Football Club Sopron
- Full name: Football Club Sopron
- Founded: 1921; 105 years ago 2018; 8 years ago (refounded)
- Ground: Káposztás utca, Sopron
- Capacity: 5,300
- League: NB III
- 2025–26: NB III, Northwest, 13th of 16
| Home colours | Away colours | Third colours |

= FC Sopron =

Hungarian football club

FC Sopron is a Hungarian football club from the town of Sopron, near the Austrian border. It was founded in 1921 as Soproni Postás. The club's home stadium is Stadion Városi with a capacity of 5,300. The Club has won 1 major trophy in his history, the Magyar Kupa.

==History==
Sopron won the 1993–94 Nemzeti Bajnokság III season and were promoted to the second tier.

On 11 May 2005, Sopron beat Ferencváros 5–1 in the Magyar Kupa at the Sóstói Stadion.

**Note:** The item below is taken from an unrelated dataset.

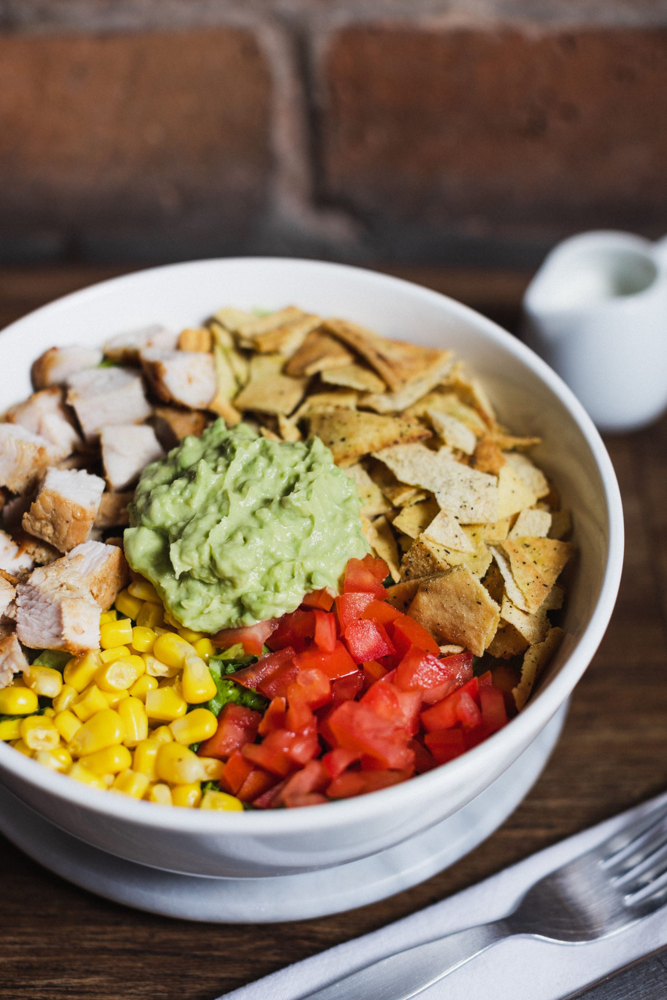 Mix de lechugas, tomate, choclo bebé, pita chips, guacamole, pavo y aliño de yogurt.
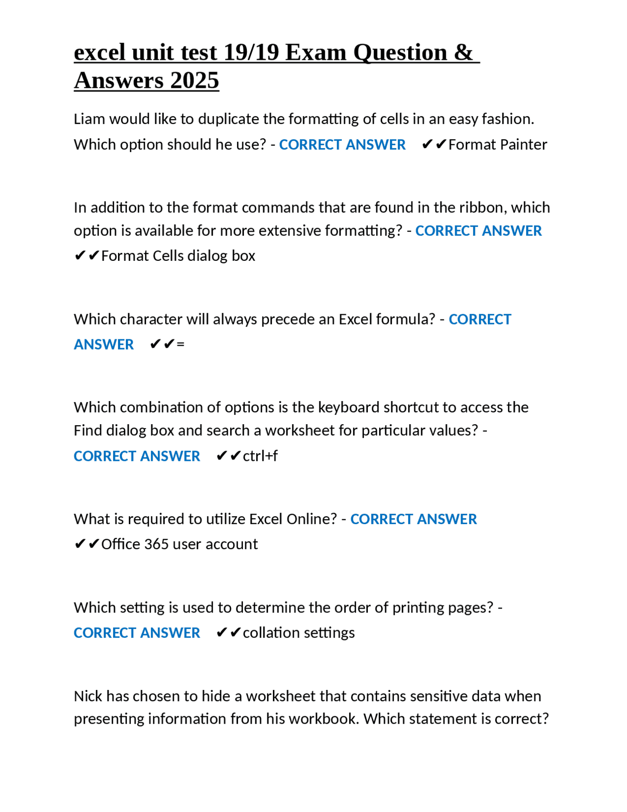 excel unit test 19/19 Exam Question & Answers 2025 | Exams Nursing ...

With the beginning of the season 2007/08 Lajos Détári was appointed for being the head coach. After Antonio Righi bought the club Détári was fired (without getting paid for his work) and replaced by now head coach Vincenzo Cosco. In January 2008 their license was withdrawn by the league over unpaid taxes and payments. It was agreed that they would remain in 1. Liga for 2007/08 with 0 points for the season, all points being awarded to their opponents. It finally went to bankruptcy and was dissolved in January 2008. It was replaced with newly founded Soproni VSE and climbed to NB II after winning Bakony Group of NB III in 2010–11 season.

==Ownership==
The club, which as commercial entity is called AZ FC Sopron Futball Sportszolgáltató KFT., is 79% owned by Antonio Righi. He bought the club from László Máriusz Vizer in 2007. 21% of the club are held by Sopron MJV Önkormányzata.

== Honours ==

===League===
- Nemzeti Bajnokság III:
  - Winners (1): 1993–94

===Cup===
- Magyar Kupa:
  - Winners (1): 2004–05

==Naming history==
- 1921: Sopron Soproni Sport Egyesület
- 1945: Soproni Postás Soproni Postás Sport Egyesület
- 1991: Soproni TSE Soproni Távközlési Sport Egyesület
- 1994: MATÁV Sopron Magyar Távközlési Vállalat Sport Club Sopron
- 1998: MATÁV Sopron Magyar Távközlési Vállalat Football Club Sopron
- 2000: MATÁV Compaq Sopron Magyar Távközlési Vállalat Football Club Compaq Sopron
- 2002: MATÁV Sopron Magyar Távközlési Vállalat Football Club Sopron
- 2005: Sopron Football Club Sopron
- 2008: ------

==European cup history==
===UEFA Intertoto Cup===

| Season | Competition | Round | Country | Club | Home | Away | Aggregate |
|---|---|---|---|---|---|---|---|
| 2004 | UEFA Intertoto Cup | 1. Round | Czech Republic | FK Teplice | 1–0 | 1–3 | 2–3 |
| 2006 | UEFA Intertoto Cup | 2. Round | Turkey | Kayserispor | 3–3 | 0–1 | 3–4 |

===UEFA Cup===

| Season | Competition | Round | Country | Club | Home | Away | Aggregate |
|---|---|---|---|---|---|---|---|
| 2005–06 | UEFA Cup | 2. Qualifying Round | Ukraine | FC Metalurh Donetsk | 0–3 | 1–2 | 1–5 |

==Managers==
- HUN István Reszeli Soós (2000–2001)
- HUN György Bognár (2002)
- HUN András Komjáti (2002–2003)
- HUN Attila Pintér (2003)
- HUN László Dajka (2003–2004)
- HUN Attila Pintér (2004–2005)
- HUN János Csank (2005)
- ROM Tibor Selymes (2005–2006)
- HUN Csaba László (2006)
- ITA Dario Bonetti (2006)
- ROM Tibor Selymes (2006)
- ITA Roberto Landi (2006)
- ROM Tibor Selymes (2006)
- HUN Aurél Csertői (2006–2007)
- ITA Dario Bonetti (2007)
- HUN Lajos Détári (2007)
- ITA Vincenzo Cosco (2007–2008)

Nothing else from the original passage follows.